Certain cases from ride-hailing applications illustrate the limitations of the advisory. In May 2025, CCPA issued a notice to Uber for introducing an “advance tipping” feature which prompts users to advance pay tips with messages like “Add a tip for faster pickup”. Uber responded to the notice, but the feature remained widespread across similar services. Such practices qualify as confirm shaming and drip pricing which are dark patterns that users feel forced into paying for securing basic service. Yet, despite regulatory attention, these platforms are not known to have proactively removed the feature, highlighting a gap between advisory intent and actual reform.

The advisory requires self-audits but does not mandate third-party audits, fixed timelines for corrective action, or public disclosure of results. Without these elements, it risks becoming a formal exercise rather than meaningful policy. It reflects regulatory intent, but self-reporting alone is not sufficient, especially when platforms may address only the most visible issues. The framework must include independent audits, transparent reporting, and penalty provisions. This will help move it from a voluntary checklist to a reliable tool for consumer protection.

There is no doubt regarding the advisory carrying enforceable weight. Recently, the High Court of Delhi in National Restaurant of India v. Union of India, held that the guidelines issued by the CCPA under the power granted to it by Section 18(1) of the Consumer Protection Act, 2019 are enforceable and binding. This reinforces that the CCPA is not merely a recommendatory or advisory body and thus, advisories must be treated with seriousness of statutory obligation. Thus, in the absence of mandatory audit disclosures and penalties for non- compliance with the advisory, platforms enjoy absolute control over the disclosure mandated by the advisory. Thus, effective implementation of the advisory cannot rest solely on its legal enforceability, it must be accompanied by a framework for accountability which motivates the platforms to make serious reforms towards their obligations under the Advisory.

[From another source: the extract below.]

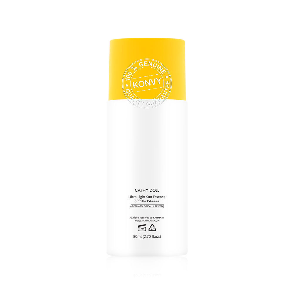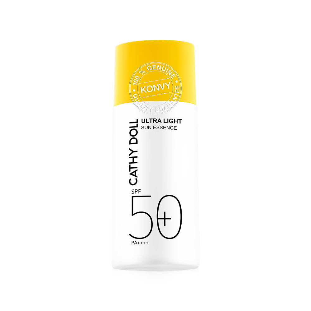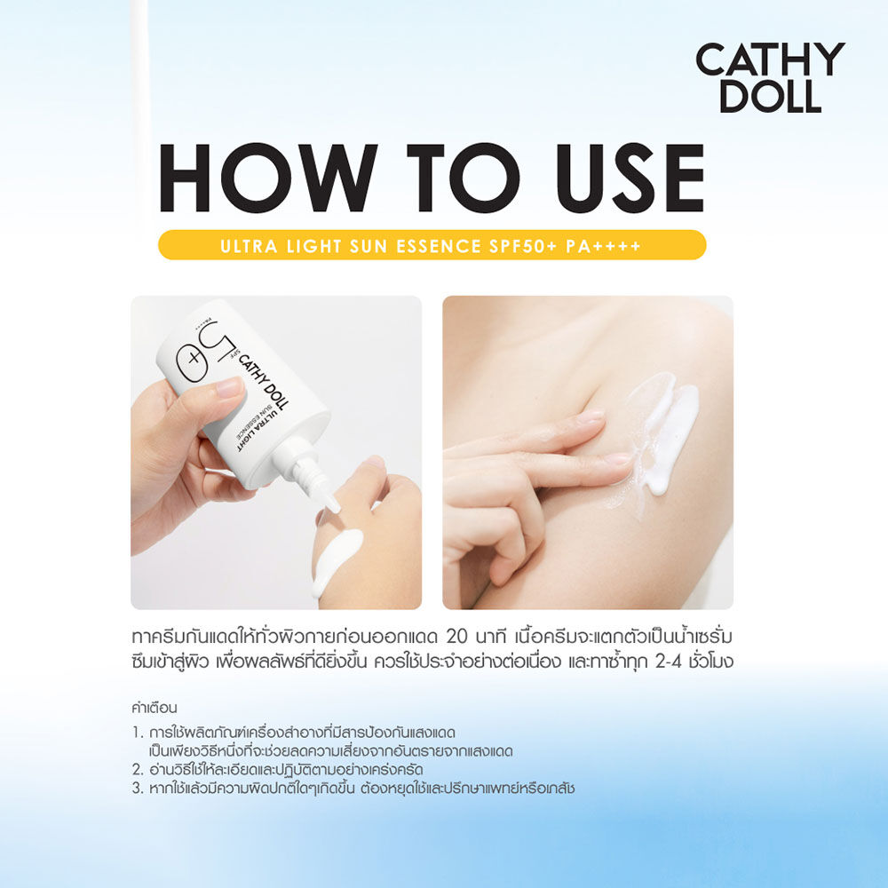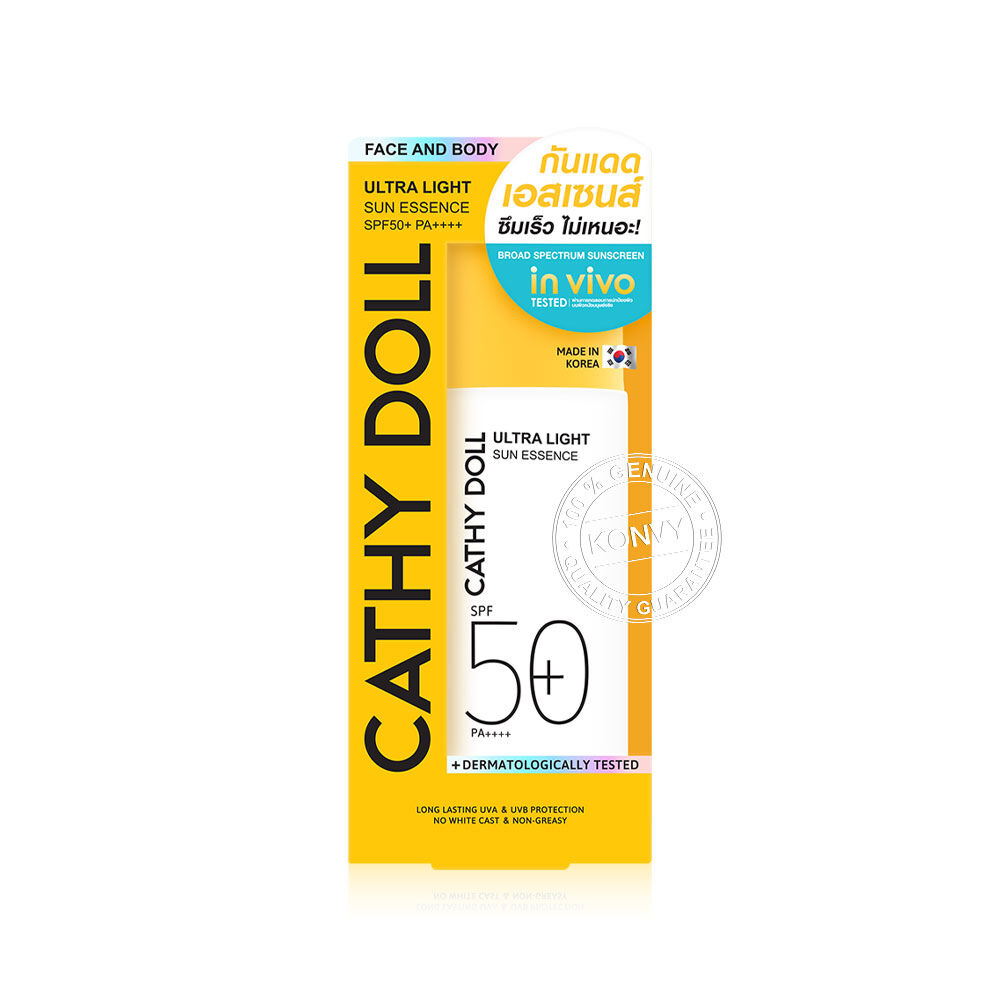 Cathy Doll Ultra Light Sun Essence SPF50+ PA++++ 80ml กันแดดเนื้อเอสเซนส์แบบ Hybrid สัมผัสบางเบาสำหรับผิวหน้าและผิวกาย เกลี่ยง่าย อ่อนโยนต่อผิว ไม่เหนียวเหนอะหนะ พร้อมเกราะป้องกันผิวที่แข็งแกร่ง ด้วยสารกันแดดถึง 6 ชนิด ผ่านการทดสอบด้วยวิธี in-vivo แล้วว่าช่วยปกป้องผิวจากแสงแดดทั้ง UVA และ UVB เติมความชุ่มชื้น ให้ผิวสุขภาพดี ด้วย Niacinamide, Ceramide NP และ Hyaluron และเป็นมิตรต่อสิ่งแวดล้อม

Other countries offer relevant lessons. The European Union’s Digital Services Act, 2022 requires very large online platforms to assess and reduce risks in how they are designed, including manipulative features. Compliance is checked through audits led by the European Commission. In the United Kingdom, the Competition and Markets Authority has looked into harmful design practices in subscriptions, such as traps and confusing processes, and has required changes to how users move through these sites. In the United States, the Federal Trade Commission has held that design can be a deceptive trade practice. It has taken actions against companies using hidden fees, pre-checked boxes, and hard-to-use unsubscribe options.

Conclusion

The 2025 Advisory recognizes the harms that deceptive designs pose to consumer autonomy. Such designs are against Rule 4(9) of the Consumer Protection E- Commerce Rules, 2020, which mandates that the consent of the consumer should be driven by explicit and affirmative actions. This Advisory acknowledges that the 2023 Guidelines have not been fully complied with, as evidenced by the issuance of notice to certain platforms by the CCPA. Understandably, the 2025 Advisory was expected to deliver a robust enforcement mechanism such as provisions for third-party independent audits, mandatory public declarations and a strict penalty structure.  

The voluntary nature of the Advisory lacks binding obligations. It poses risks of superficial compliance aimed at creating appearances of change rather than serious and systematic reforms. Consequently, the individual user has to be burdened with more vigilance from identifying, avoiding and subsequently reporting the dark patterns. This places an unfair burden on the consumers while undermining the regulatory intervention aimed at protecting their interests. In the absence of deep structural and regulatory reforms, user autonomy remains vulnerable to manipulative digital designs.